I am using caffe library for image detection using PySpark framework. I am able to run the spark program in local mode where model is present in local file system.
But when I want to deploy it into cluster mode, I don't know what is the correct way to do. I have tried the following approach:
Adding the files to HDFS, and using
addfile
or--file
when submitting jobssc.addFile("hdfs:///caffe-public/dataset/test.caffemodel")
Reading the model in each worker node using
model_weight =SparkFiles.get('test.caffemodel') net = caffe.Net(model_define, model_weight, caffe.TEST)
Since SparkFiles.get()
will return the local file location in the worker node(not the HDFS one) so that I can reconstruct my model using the path it returns. This approach also works fine in local mode, however, in distributed mode it will result in the following error:
ERROR server.TransportRequestHandler: Error sending result StreamResponse{streamId=/files/xxx, byteCount=xxx, body=FileSegmentManagedBuffer{file=xxx, offset=0,length=xxxx}} to /192.168.100.40:37690; closing connection
io.netty.handler.codec.EncoderException: java.lang.NoSuchMethodError: io.netty.channel.DefaultFileRegion.<init>(Ljava/io/File;JJ)V
It seems like the data is too large to shuffle as discussed in Apache Spark: network errors between executors However, the size of model is only around 1M.
Updated:
I found that if the path in sc.addFile(path)

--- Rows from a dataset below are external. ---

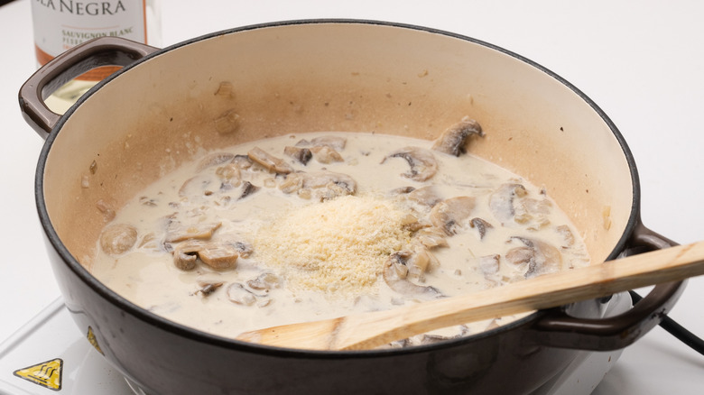 - Reduce heat to medium-low and pour in the heavy cream, lemon juice, and grated Parmesan.
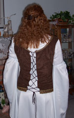 | For the back of the dress, we decided not to go with a zipper, but to make lacing. In the real dress, Eowyn wears both a vest and a corset over it. I'm afraid time did not allow me to make the corset. So, we did the next best thing. The corset is laced and so we laced the back. I actually like it a whole lot. I think it is really pretty. And since the movie never shows the back of Eowyn's Shield Maiden dress, you can do whatever you want and no one knows the difference! (Except obssessed costumers like myself!) | ||||||||||||||||||||||||||
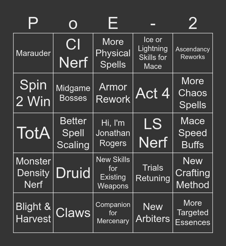 This bingo card has a free space and 24 words: Druid, Claws, Armor Rework, Blight & Harvest, Ascendancy Reworks, Marauder, Spin 2 Win, CI Nerf, LS Nerf, New Skills for Existing Weapons, Act 4, TotA, Trials Retuning, New Crafting Method, Midgame Bosses, New Arbiters, Mace Speed Buffs, More Physical Spells, More Chaos Spells, Better Spell Scaling, More Targeted Essences, Monster Density Nerf, Ice or Lightning Skills for Mace and Companion for Mercenary.
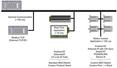 為支持所選擇的協(xié)議,從機(jī)器件中的 MAC 設(shè)計(jì)不同于傳統(tǒng)的以太網(wǎng) MAC,需要 FPGA 或者 ASIC 中的特殊設(shè)計(jì)。從系統(tǒng)設(shè)計(jì)的角度看,如果您必須支持標(biāo)準(zhǔn) MAC 實(shí)現(xiàn)以及特殊實(shí)現(xiàn),那么,設(shè)計(jì)應(yīng)包含 MAC 設(shè)計(jì),或者是硬件可編程的。圖 2 顯示了不同的實(shí)時(shí)要求是怎樣導(dǎo)致通信協(xié)議標(biāo)準(zhǔn)不同體系結(jié)構(gòu)的。
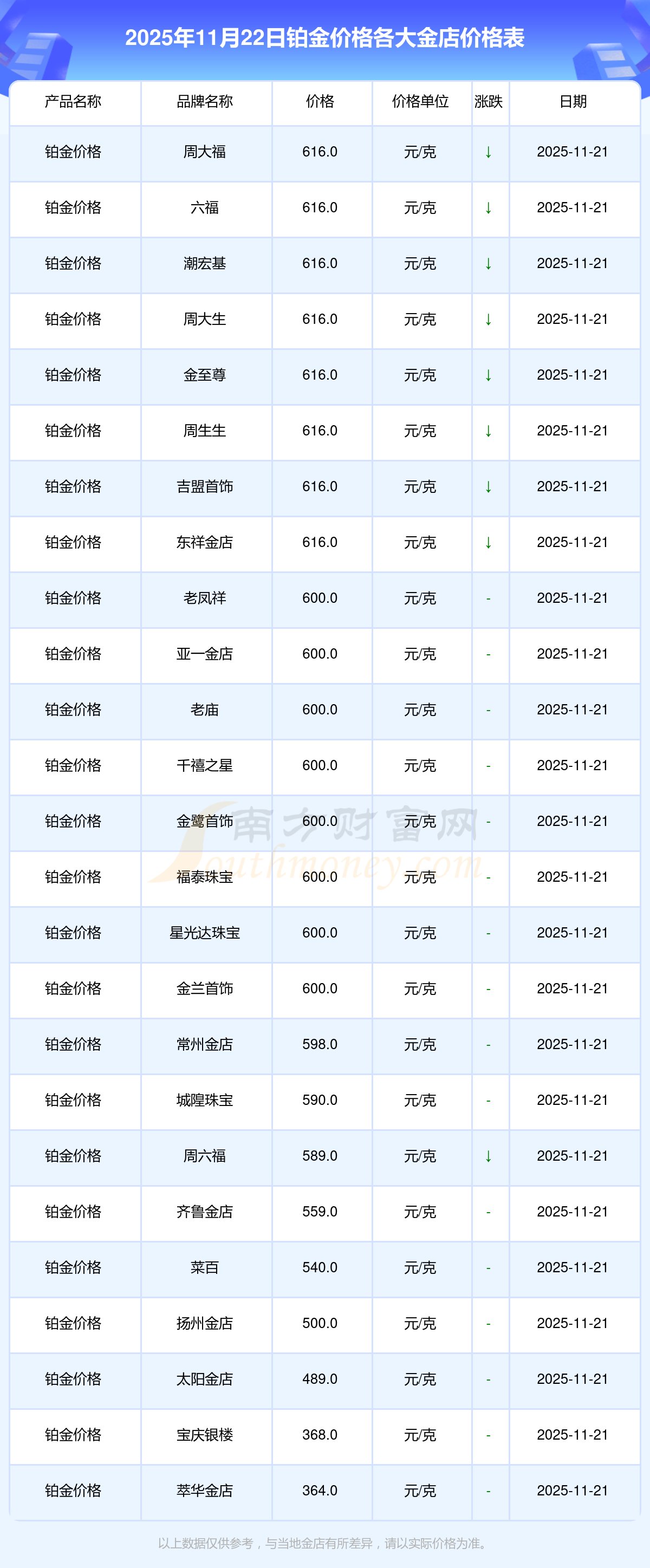今天是2025年11月22日,周大福、周大福、周大福、周大福、周大福、周大福、周大福、老凤祥、老凤祥、老凤祥、周六福等各大金店品牌铂金价格最新价格如下:周大福1305.0元/克、周大福616.0元/克、周大福1305.0元/克、周大福45110.0、周大福17570.0、周大福40690.0、周大福1143.0元/克、老凤祥1298.0元/克、老凤祥600.0元/克、老凤祥1298.0元/克、周六福1266.0元/克。
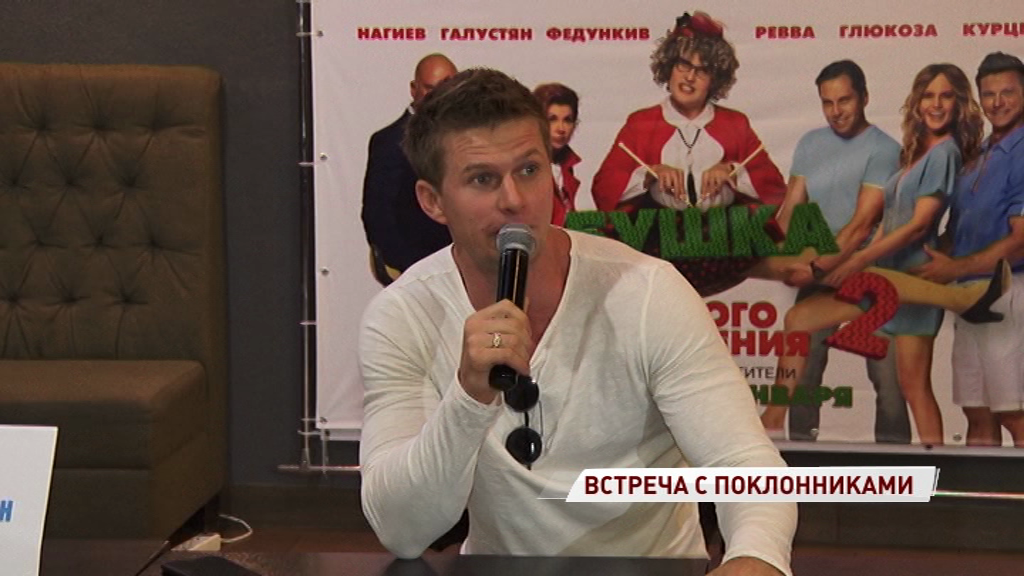 Известный российский актер Роман Курцын презентовал ярославцам фильм «Бабушка легкого поведения 2». Встреча проходила в кинотеатре «Киноформат». Роман ответил на вопросы поклонников и провел фотосессию. О чем спрашивали актера и с кем ему пришлось соревноваться? С подробностями Наталья Антонова. Зрители томятся в ожидании, волнительно сжимая карточки для автографов и вертя телефоны в руках. Спустя десять минут в зал буквально врывается натренированный, голубоглазый актер. Поклонники, пришедшие на встречу, сначала заметно тушуются и стесняются задавать вопросы. Актер берет инициативу на себя, самостоятельно рассказывает о съемках и своем герое. - Это изначально был просто хоккеист, а когда мы уже начали развивать роль и я пришел на этот проект, то мы решили сделать такого провинциального парня, который стал звездой НХЛ, у которого очень много денег, но вот эта провинция из него не вылетела. Он сразу стал такой яркий, сочный, с костромским говором. Такая звезда НХЛ, которая выбилась

is on HDFS, then the error will not appear. However, when the path is in local file system, the error will appear.
My questions are
Is any other possibility that will cause the above exception other than the size of the file. ( The spark is running on YARN, and I use the default shuffle service not external shuffle service )
If I do not add the file when submmit, how do I read the model file from HDFS using PySpark? (So that I can reconstruct model using caffe API). Or is there any way to get the path other than
SparkFiles.get()
?
Any suggestions will be appreciated!!